While the search for a cure continues, some Multiple Sclerosis patients have started to find their own healing with medical cannabis. Veteran Teri Heede, for example, turned to cannabis after her doctor told her there was nothing more they could do. The array of prescriptions she had been given had failed to manage her condition and had eaten away at her stomach lining, leaving her more ill than before. The doctors advised her to seek out alternative methods and after three weeks of treating herself with cannabis she was back on her feet. Now Heede uses her new-found energy to fight for cannabis patient rights.
“We need to make these herbal alternatives legal and available,” she warns “these pharmaceuticals are killing people.”
For Heede, cannabis has been a life-altering medicine, bringing back her ability to live a full and active life. MS is a chronic and unpredictable condition of the central nervous system, which affects more than 2.3 million people worldwide. This often debilitating disease can cause a wide variety of symptoms including intense chronic pain, paralysis, muscle spasms and even blindness. There is no cure for MS and while conventional medications exist to slow the progression of the disease and ease the symptoms, for many patients these options either fail, or leave them managing debilitating side effects. Liver problems, nerve damage, and hair loss are all possible side effects an MS patient might experience while on these medications, along with an increased susceptibility to viral infections like the flu.

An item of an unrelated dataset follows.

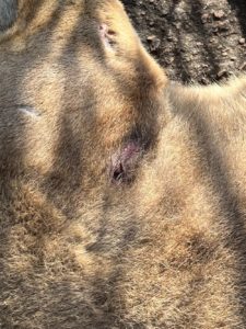 A onça também tinha quatro feridas pelo corpo, supostamente causadas pela berne – manifestação parasitária causada por larvas de uma mosca varejeira.

Cannabis is used by many patients with MS for both symptom management and to slow the progression of the disease. And the research also backs up medical cannabis patients’ claims that it is helping with their condition. Unlike with many other conditions, there is actually a fair bit of specific medical research on cannabis’ efficacy for treating MS. Studies show positive results for patients smoking cannabis, taking whole plant cannabis extracts, or using an oral cannabis spray. These methods of cannabis intake have been shown to help reduce many of the symptoms of MS ranging from inflammatory events to mood disturbances.
While negative side effects do sometimes occur for patients using cannabis for MS, most adverse events have been classified as mild or moderate by researchers. The most commonly reported adverse events being nausea and dizziness. Some doctors also warn that because of the increased risk of depression and suicide among MS patients, along with cannabis’ mood altering abilities, some patients (1 in 100) may be at risk for becoming more depressed while using some types of marijuana. Still for many patients, cannabis provides a safe and effective medicine for an incredibly challenging condition. Patients interested in trying cannabis for their MS should start by finding an MD who specializes in cannabinoid medicine to advise them on treatment.